YOUR OBJECTIVE
If a line of the records contains the word "Павло", list it.

BEGIN DATA FOR THIS EXERCISE

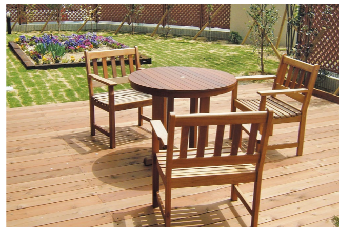
ウッドテラス 太陽の光につつまれて

ホーム南面にあるウッドテラスは、陽射しが燦々と降り注ぎ、開放感にあふれ入居者様、家族様に憩いのひと時を提供いたします。また、その隣にはかわいい菜園を設け、四季折々の花作り、野菜作りを楽しんでいただけます。
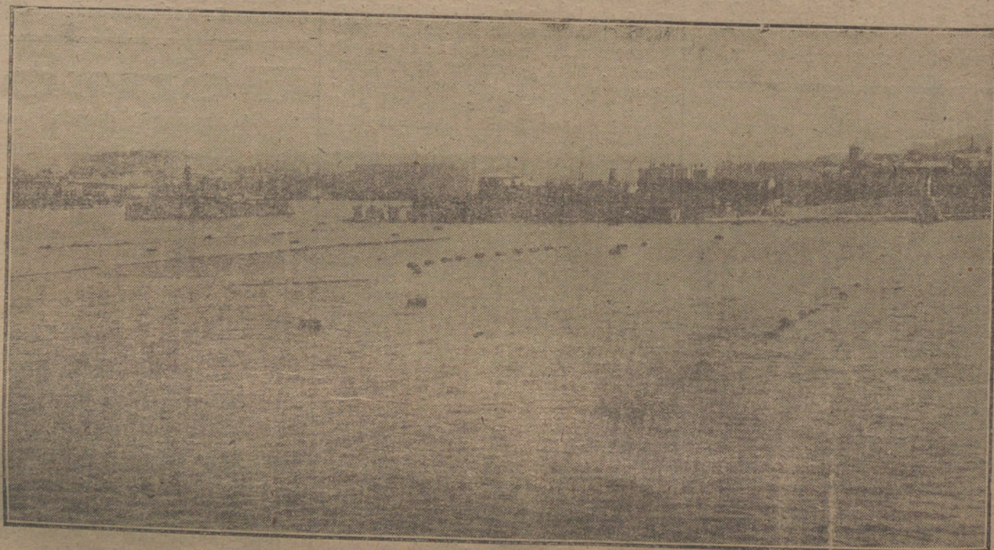
LA EJECUCION DEL ARMISTICIO.—Un aspecto del puerto de Sebastiel, durante la desmovilización á que ha dado lugar el armisticio.

Nuestros valientes soldados fueron á combatir en tierra y mar por nuestros ideales, que yo he intentado poner de manifiesto. Yo debo volar por que no se den falsas interpretaciones á estos ideales, y para que se hagan todos los esfuerzos posibles para realizarlos. Tengo la obligación de sostener mi actitud hasta el fin, teniendo en cuenta que nuestros soldados ofrecieron para su obtención su vida y su sangre. Me doy cuenta de la amplitud y dificultades de este deber. Me he puesto al servicio de la nación, y á ella consagro lo mejor de mi alma. Durante mi ausencia permanecerá en contacto directo con vosotros por cable y telegrafía sin hilos. Mi ausencia será lo más corta posible.»
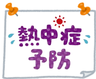
掲示による意識付けの強化

作業員の安全と健康を守るため、熱中症対策をより一層強化しました。現場の実態に即したさまざまな対策を講じることで、安心して働ける環境づくりを進めています。
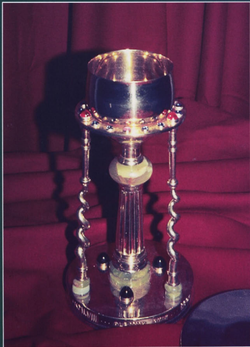
Kelih arhitekta Jožeta Plečnika, na podstavku je vgraviran napis: Ego autem steti in monte sicut prius anno Mariano 1958

Pred mano si neskončno sveta Božja kri! O Jezus, naj se nagnem k rani tvoji, s krvjo rešilno mi napoji!
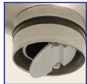
Empaque de Ajuste
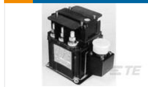
TE 产品编号1616081-4 A1077W=RELAY
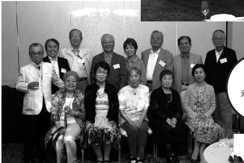
先輩方も元氣いっぱい
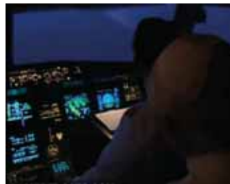
Папа Іван Павло II спостерігає за роботою екіпажу у кабіні.

У книзі також розглядається взаєморозуміння між Папою і журналістами. Один з найпам'ятніших моментів з цих прес-конференцій – коли Іван Павло II говорив про
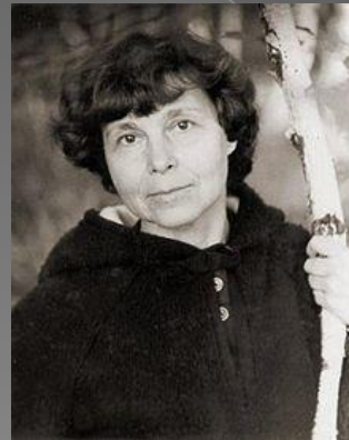
Софья Асгатовна Губайдулина

END DATA FOR THIS EXERCISE

THE COMPLETED TASK
Папа Іван Павло II спостерігає за роботою екіпажу у кабіні.
У книзі також розглядається взаєморозуміння між Папою і журналістами. Один з найпам'ятніших моментів з цих прес-конференцій – коли Іван Павло II говорив про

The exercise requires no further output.